The policy implication, a direct application of the previously discussed EKC, challenges the “grow first, clean later” logic because distributional policies (policies involving the redistribution of income from rich to poor) enable the poor to meet a baseline of financial stability, not accomplished through welfare programs, but through environmental policy. Environmental policy has been shown to enhance working and living conditions by lowering emissions and reducing congestion, leading to better job opportunities and a higher quality of life. To support this environmental policy and progress, economic growth must be at a certain sustainable level, along with institutional capacity to uphold that progress.
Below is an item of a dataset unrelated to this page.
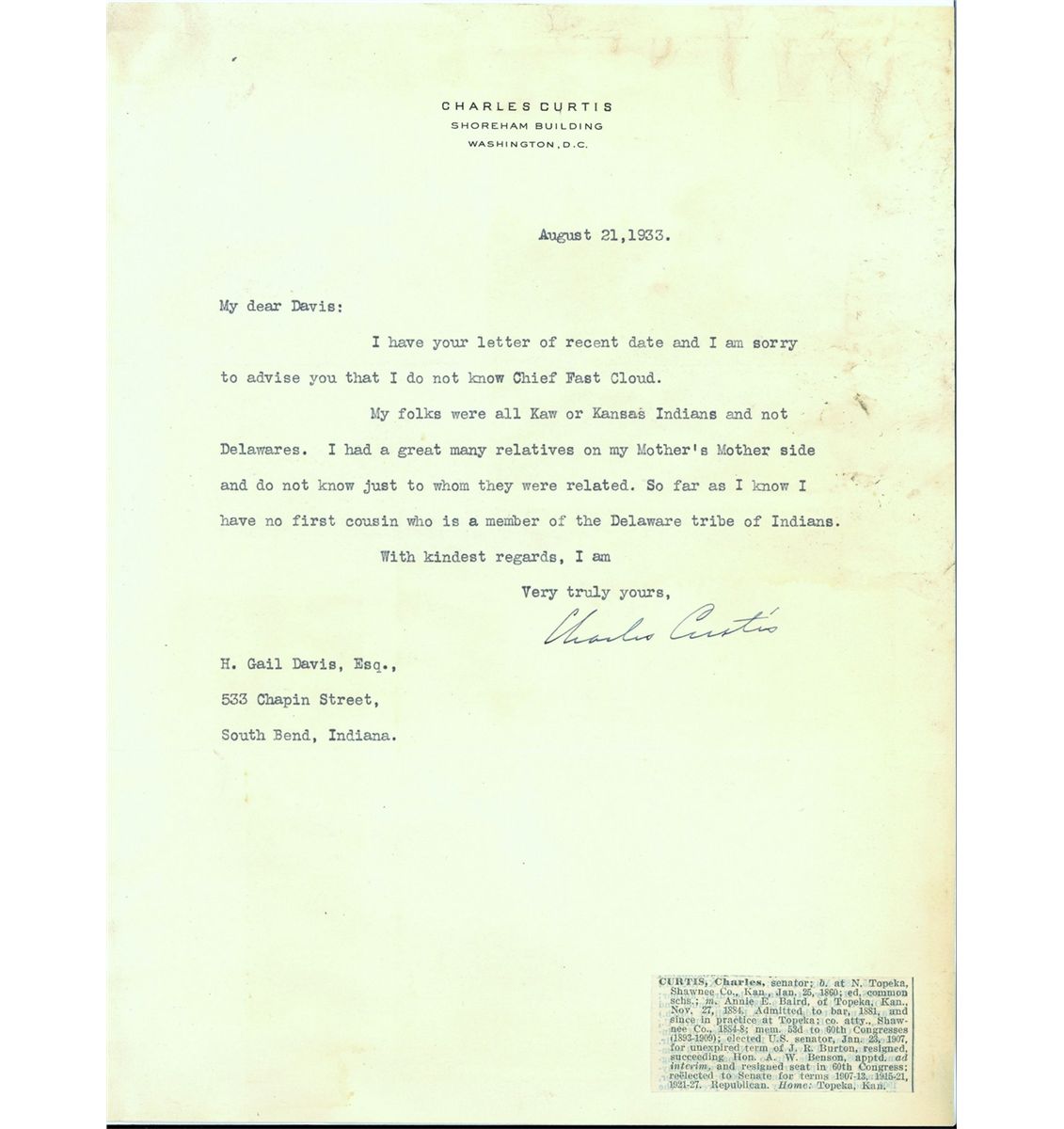 Interesting TLS letter, dated August 21,1933 by Charles Curtis, Vice President of the United States, under Herbert Hoover. He writes about his Indian ancestry in part “ My Folks where all part of the Kaw or Kansas Indians not the Delaware….. so as far as I know I have no first cousin who is a member of the Delaware tribe of Indians.”. Curtis was the first person with significant acknowledged Native American ancestry and the first person with significant acknowledged non-European ancestry to reach either of the two highest offices in the United States government's executive branch. Some toning and slights staining on top area, also old description attached to lower left, neither affects signature or letter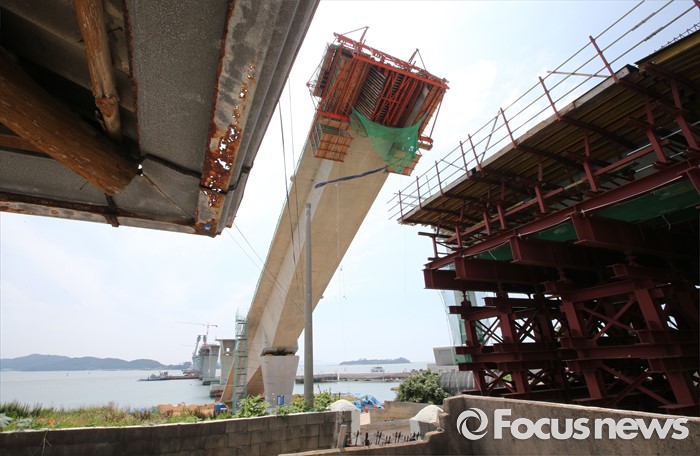 (영광=포커스뉴스) 8일 오전 전남 영광군 염산면과 무안군 해제면을 잇는 칠산대교 건설현장에서 상판 구조물이 무너져 노동자 6명이 부상을 입는 사고가 발생, 칠산대교는 가운데 교각을 중심으로 상판이 한쪽으로 기울듯 무너져 내려 있다.

IV. Constitutional Environmental Rights: Law, Data, and Outcomes
The Global Spread of CERs
Fewer than 10 nations around the globe had explicitly stated constitutional provisions supporting environmental rights in 1970, but by the early 2020s, nearly 100 nations had adopted environmental rights into their constitutional framework. These constitutional rights, abbreviated as i, include non-quantitative and tangible measures, such as guaranteeing the right to clean air and water, and measures maintaining a nation's environment, as well as procedural measures, such as altering the nation’s justice system to accommodate environmental concerns.
Jeffords's (2021) quantitative analysis in Ecological Economics found that nations with CERs (Constitutional Environmental Rights) achieve substantially higher levels of clean water, sanitation, and emissions reduction than nations that lack them. Precisely, Jeffords’ cross-national analysis (regression) uses outcome variables (designed to capture the results of an intervention), including access to sanitation and water sources and decreased CO2 emissions, and finds strong statistical significance (high accuracy, not due to error) between CER adoption and material gains in environmental conditions. However, nations with CERs that have the institutional capacity to sustain them are the ones that achieve the greatest levels of environmental progress, not just having the “improvements” on paper. A high-quality, active judicial system, combined with civil society and the rule of law, helps enforce CERs. On the other hand, nations with lower income and structural capacity, even with the same constitutional provision, achieve minimal progress.
The Implementation Gap
Gellers and Jeffords (2021) study the aforementioned implementation gap, determining that it is a consistent, national shortfall between constitutional rights and what governments can enforce compliance with these rights. Failures in Monitoring, without the data capacity to assess environmental compliance and enforcement; with no formal capabilities to compel compliance or participation; with no practical judicial capabilities to maintain compliance; a compliance-oriented economy, with wealthy elites polluting and resisting the institutions that attempt to restrict their poor environmental behavior.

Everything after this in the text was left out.